Starting linebacker Christian Rozeboom agreed that there were communication issues in the fourth quarter, but he didn’t want to go into too much detail, he said.
“I think there’s definitely stuff to clean up,” Rozeboom said. “And that’s not just the secondary. That’s everybody. It’s not one guy, it’s everybody.”
Rozeboom said that “everyone was playing the same call” on Sunday — though it occasionally occurs in the NFL when different players are playing different calls. The problem rested somewhere else.
“That was more how we were playing that certain formation,” Rozeboom said. “Who’s in what zone, who’s taking people through the zone. I guess I don’t want to go too much into it. But all that.”
He added: “I’m disappointed, obviously. But I think all we can do now is fix it and move forward. We watched the film, we addressed it, and I’m sure there will be some things at practice on Wednesday, Thursday and Friday, we’ll get that cleaned up. So that’s all we can do.”
Here’s what else you should know from Monday’s availability.
Dave Canales explains late injury to Turk Wharton
The Panthers reported Friday that they had an entirely clean slate of health. Then something happened on Saturday that Canales hasn’t seen in his entire 16-year tenure in the NFL.
Starting defensive tackle Turk Wharton hurt his hamstring after tripping over one of his teammates during a walk-through on Saturday, Canales told reporters Monday. The injury, the Panthers later reported, kept him out of Sunday’s loss against the Saints.
“Really unfortunate for Turk,” Canales said Monday. “He was excited to be out there. He was very upset, very disappointed. We’ll try to get him turned around, and we’ll get the full (story) of what that looks like on Wednesday.”
The latest on former Panthers interim coach Steve Wilks
The New York Jets fired defensive coordinator Steve Wilks after their loss on Sunday, head coach Aaron Glenn announced Monday. Glenn’s reason was that the progress the defense has made lately wasn’t enough to stave off a change in leadership.
“I thought it was time to make a change. I’m going to make the decision that’s best for the organization at all times,” Glenn said.
The connection between Wilks and Carolina runs deep. Most recently Wilks was the interim head coach for the Panthers at the end of the 2022 season and led the team to a 6-6 record and one Tom Brady-explosion away from a playoff appearance, before the Panthers went on to hire Frank Reich.
Wilks served as the Panthers’ defensive passing game coordinator and secondary coach in 2022 before being tapped to be the interim after Matt Rhule’s firing.
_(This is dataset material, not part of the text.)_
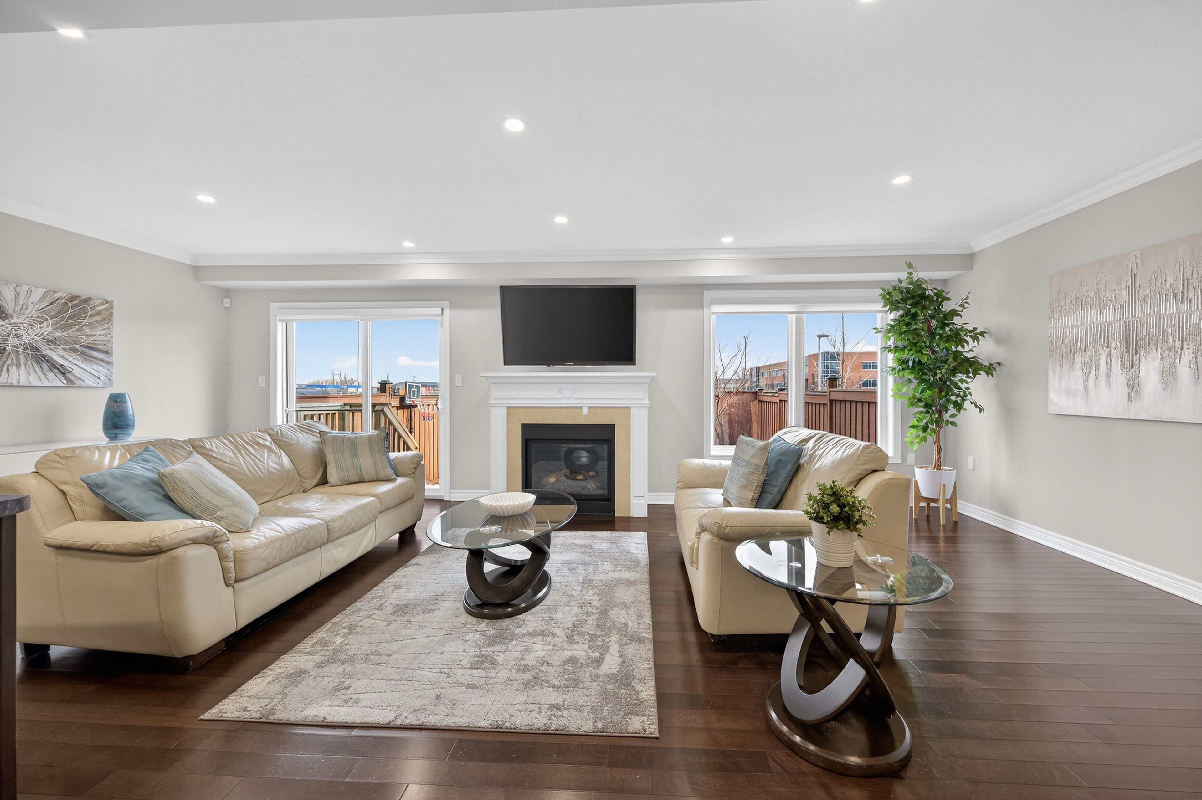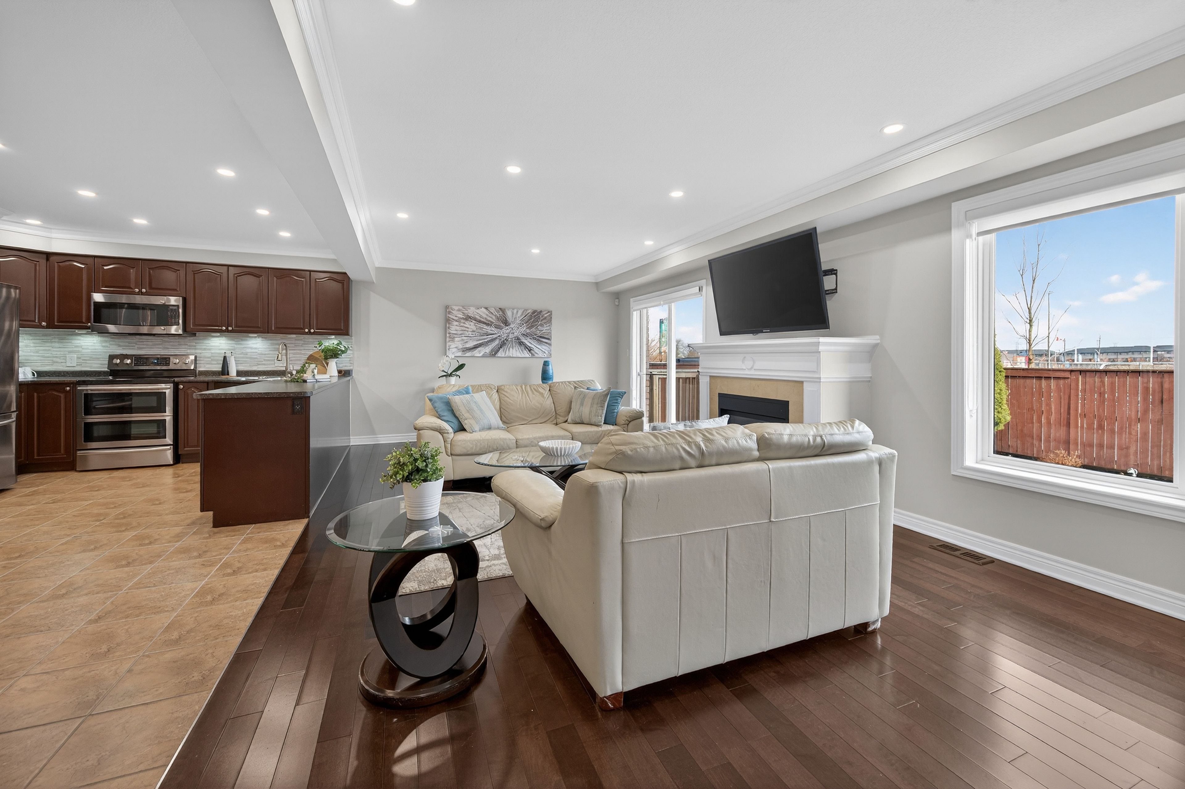 • Open-concept main floor with hardwood flooring and gas fireplace.

He then served as the defensive coordinator in San Francisco during the team’s Super Bowl run in 2023, then was a volunteer advisor in 2024 for the Charlotte 49ers under Biff Poggi, before accepting the job as the Jets’ defensive coordinator this year.
Quick hits
— The Panthers, even after their 11-penalty contest against the Saints, still are a Top 10 least-penalized team in the NFL as of Monday, according to Team Rankings. They’re seventh in penalties per game at 5.9. Their 11 penalties on Sunday made them tied-for-second-most in the league in Week 15. Washington amassed 11 penalties and Atlanta had 19; both the Commanders and the Falcons won their contests.
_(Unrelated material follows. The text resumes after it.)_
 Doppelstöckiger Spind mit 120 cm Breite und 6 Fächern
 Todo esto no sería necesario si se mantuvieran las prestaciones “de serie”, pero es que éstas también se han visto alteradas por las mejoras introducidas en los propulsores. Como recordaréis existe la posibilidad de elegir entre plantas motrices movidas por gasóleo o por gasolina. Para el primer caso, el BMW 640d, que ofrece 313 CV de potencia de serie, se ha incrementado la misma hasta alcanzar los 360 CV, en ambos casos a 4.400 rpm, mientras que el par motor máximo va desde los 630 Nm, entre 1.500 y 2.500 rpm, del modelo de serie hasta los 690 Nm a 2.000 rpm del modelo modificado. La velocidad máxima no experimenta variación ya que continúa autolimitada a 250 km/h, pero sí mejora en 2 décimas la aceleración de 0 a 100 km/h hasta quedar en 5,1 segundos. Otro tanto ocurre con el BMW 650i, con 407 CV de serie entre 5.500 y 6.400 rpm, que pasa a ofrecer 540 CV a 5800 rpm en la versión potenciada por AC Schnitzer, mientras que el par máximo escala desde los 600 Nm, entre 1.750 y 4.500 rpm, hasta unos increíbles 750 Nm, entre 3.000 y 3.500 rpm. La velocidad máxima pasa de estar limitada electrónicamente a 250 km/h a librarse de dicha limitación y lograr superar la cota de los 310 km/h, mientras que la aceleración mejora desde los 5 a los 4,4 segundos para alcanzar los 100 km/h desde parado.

— Saints quarterback Tyler Shough told New Orleans media Sunday that on the Lathan Ransom hit — the one that enabled an unsportsmanlike conduct penalty, a stopped clock and a manageable game-winning field goal — he “sold” his injury.
“I kind of, you know, maybe sold it a little bit because I knew we didn’t have any timeouts,” Shough said. “So I mean it definitely hurt. But I was good.”
Rookie outside linebacker Princely Umanmielen was informed of Shough’s postgame comments on Monday ... and was surprised by the quarterback’s candor.
“I mean, that’s crazy,” Umanmielen said, laughing. He added his thoughts on the call on the field as well: “I know you gotta protect the quarterback when he’s in the pocket and things like that. But I feel like, once you escape, at that point, you’re a football player. I don’t know.”
Is this something you hope the NFL takes action on?
“I mean, that would be nice,” he said. “But I’m just Princely.”